Abstract Dexmedetomidine (Dex) has been demonstrated to provide neuroprotection against ischemia/reperfusion (I/R) injury. However, the exact mechanism of this protection remains unknown. Here, we explored the neuroprotective effect of Dex in rats exposed to cerebral I/R-induced by middle cerebral artery occlusion (MCAO) and the role of phosphatidylinositol 3-kinase (PI3K)/Akt, extracellular signal-regulated kinase 1/2 (ERK1/2), and glycogen synthase kinase-3β (GSK-3β) in this protective action. Adult male Sprague–Dawley rats were subjected to MCAO for 90 min followed by reperfusion for 24 h and Dex (15 μg/kg, i.v.) was administered immediately after the onset of MCAO. The neurological deficit score, cerebral infarct volume, brain edema, and neuron survival were evaluated at 24 h of reperfusion. The effect of Dex on p-Akt, p-ERK1/2 and p-GSK-3β expression in the ischemic hemisphere was assayed by Western blot.

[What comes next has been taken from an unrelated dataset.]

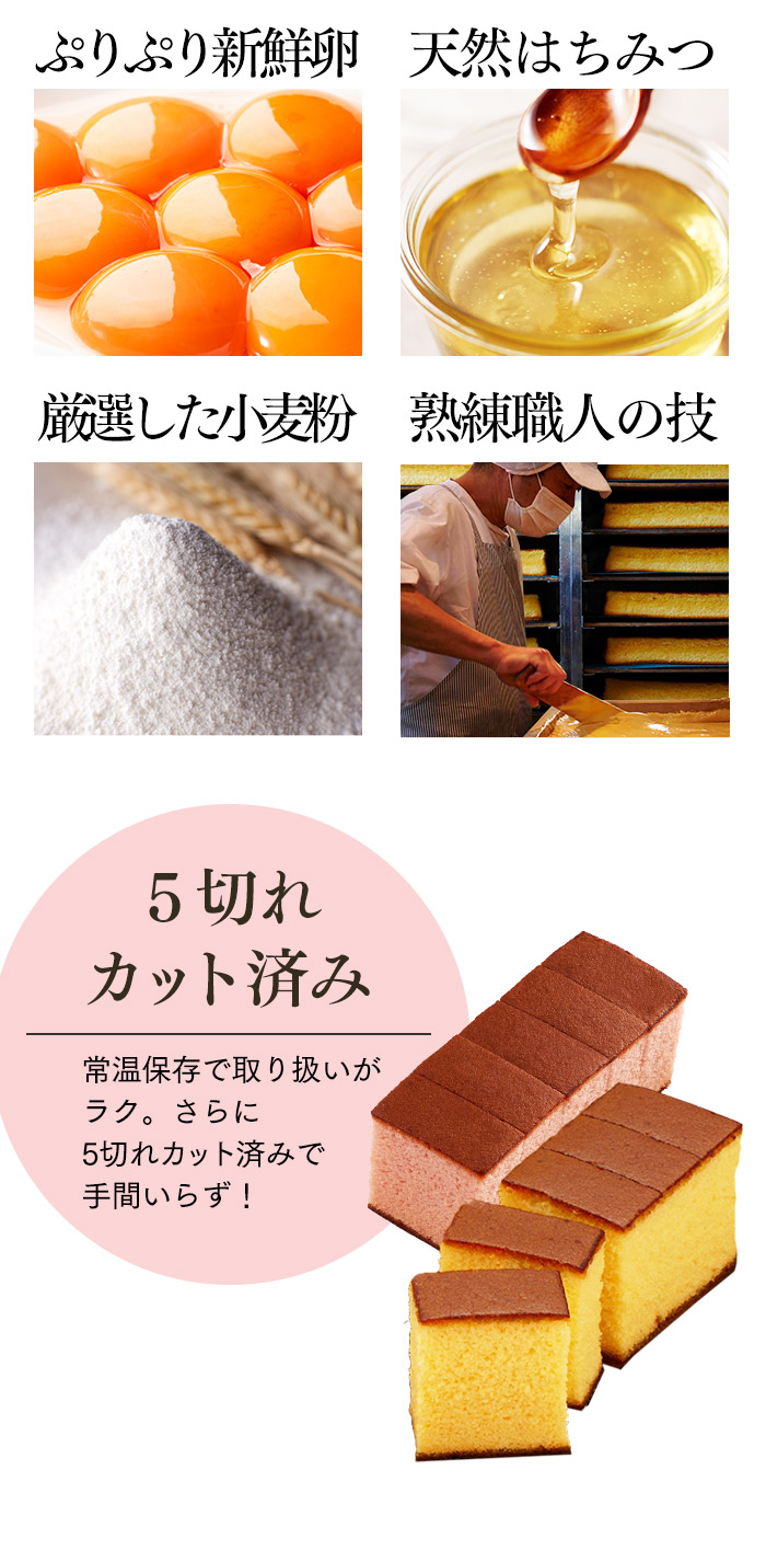 鶏卵(国産)、砂糖、小麦粉、水飴、ザラメ糖、蜂蜜、(一部に卵・小麦を含む)

Treatment of rats exposed to I/R with Dex caused not only marked reduction in the neurological deficit score, cerebral infarct volume, and brain edema (P <0.01 vs. I/R alone), but also a decrease in neuron death in hippocampal CA1 and cortex ( P <0.01 vs. I/R alone). The Dex-induced increment of neuron survival in the ischemic CA1 and cortex was diminished by the PI3K inhibitor LY294002 and the MEK inhibitor U0126. The increasing expressions of p-Akt and p-ERK1/2 induced by Dex in the ischemic hemisphere were markedly inhibited by LY294002 (or wortmannin) and U0126 (or PD98059), respectively. The up-regulation of p-GSK-3β by Dex in the ischemic hemisphere was significantly decreased by both LY294002 (or wortmannin) and U0126 (or PD98059). Our data demonstrated that treatment with Dex reduced cerebral injury in rats exposed to transient focal I/R, and this was mediated by the activation of the PI3K/Akt and ERK1/2 pathways as well the phosphorylation of downstream GSK-3β.